Aim of the exercise:
Everything in the listing below except the pictures should be reproduced exactly.

Provided material:
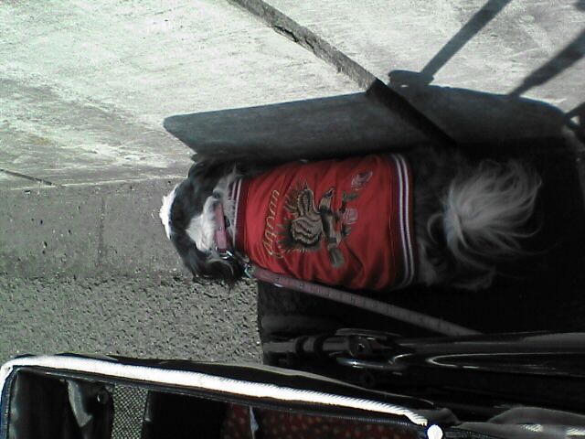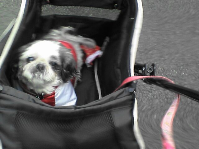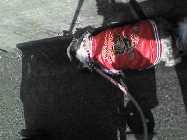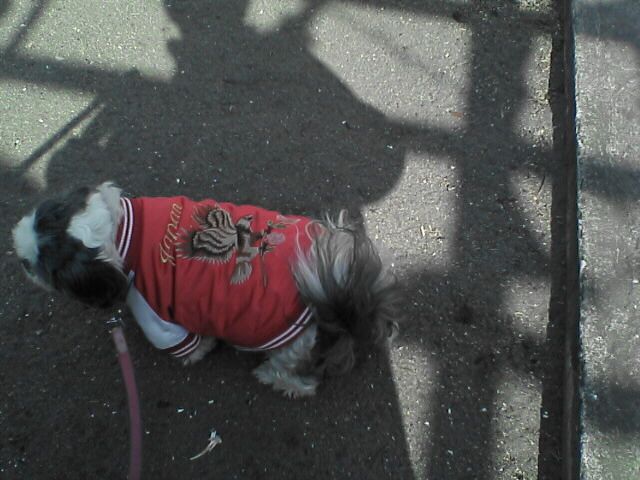 日差しが眩しいのか・・陰を歩く拓美です・・
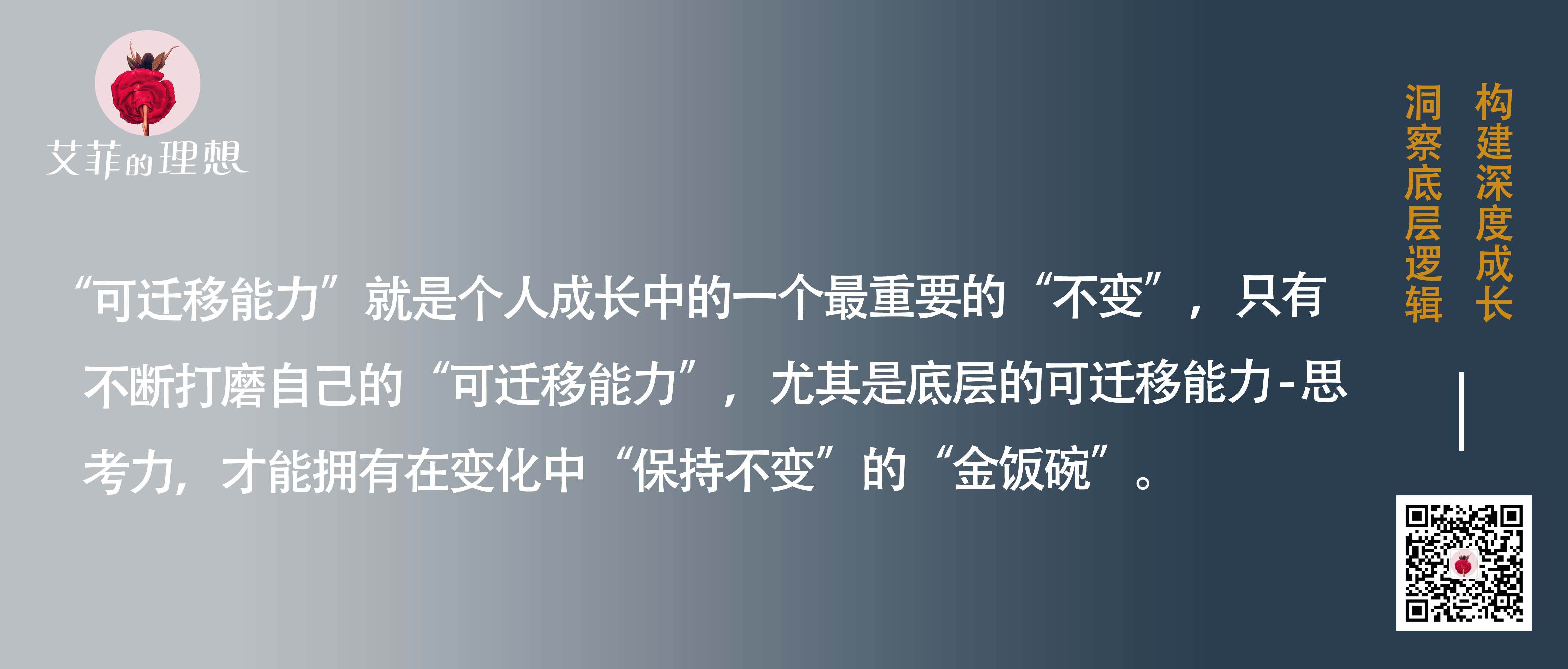 这就是个人成长中的一个最重要的“不变”,只有不断打磨自己的“可迁移能力”,尤其是底层的可迁移能力 - 思考力,才能拥有在变化中“保持不变”的“金饭碗”。
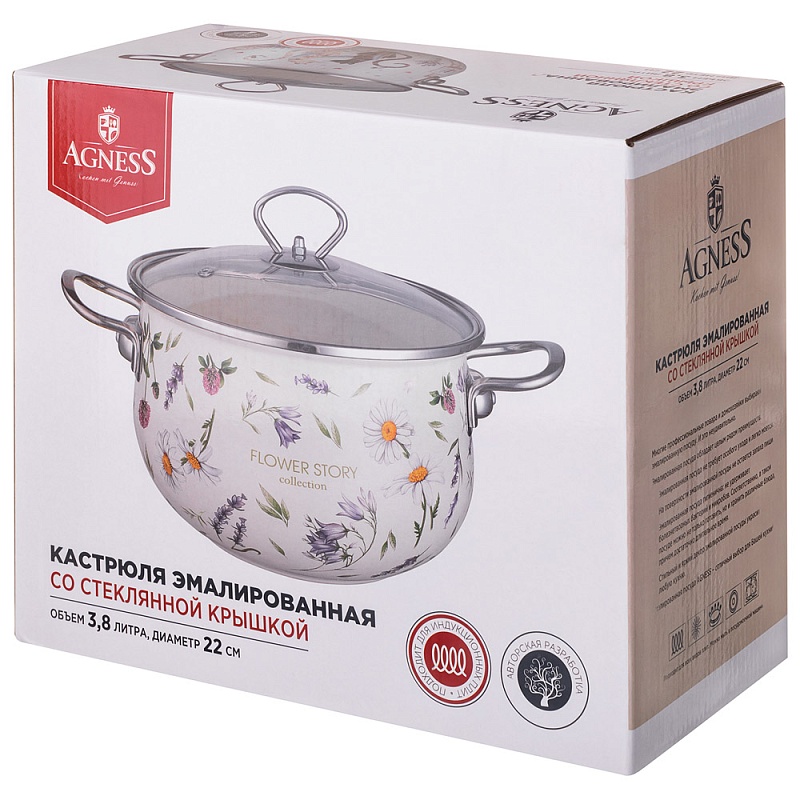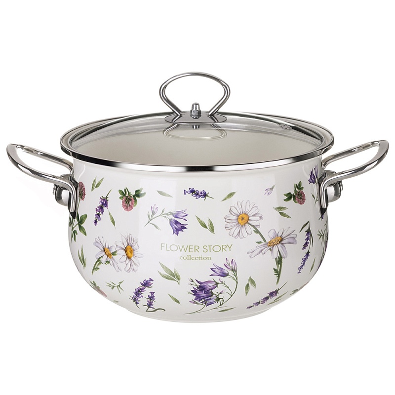 КАСТРЮЛЯ ЭМАЛИРОВАННАЯ СО СТЕКЛЯННОЙ КРЫШКОЙ СЕРИЯ FLOWER STORY 3,8 Л ДИА 22СМ 943-098 (6/1) в Кирове

Result for this exercise:
 日差しが眩しいのか・・陰を歩く拓美です・・
 这就是个人成长中的一个最重要的“不变”,只有不断打磨自己的“可迁移能力”,尤其是底层的可迁移能力 - 思考力,才能拥有在变化中“保持不变”的“金饭碗”。
 КАСТРЮЛЯ ЭМАЛИРОВАННАЯ СО СТЕКЛЯННОЙ КРЫШКОЙ СЕРИЯ FLOWER STORY 3,8 Л ДИА 22СМ 943-098 (6/1) в Кирове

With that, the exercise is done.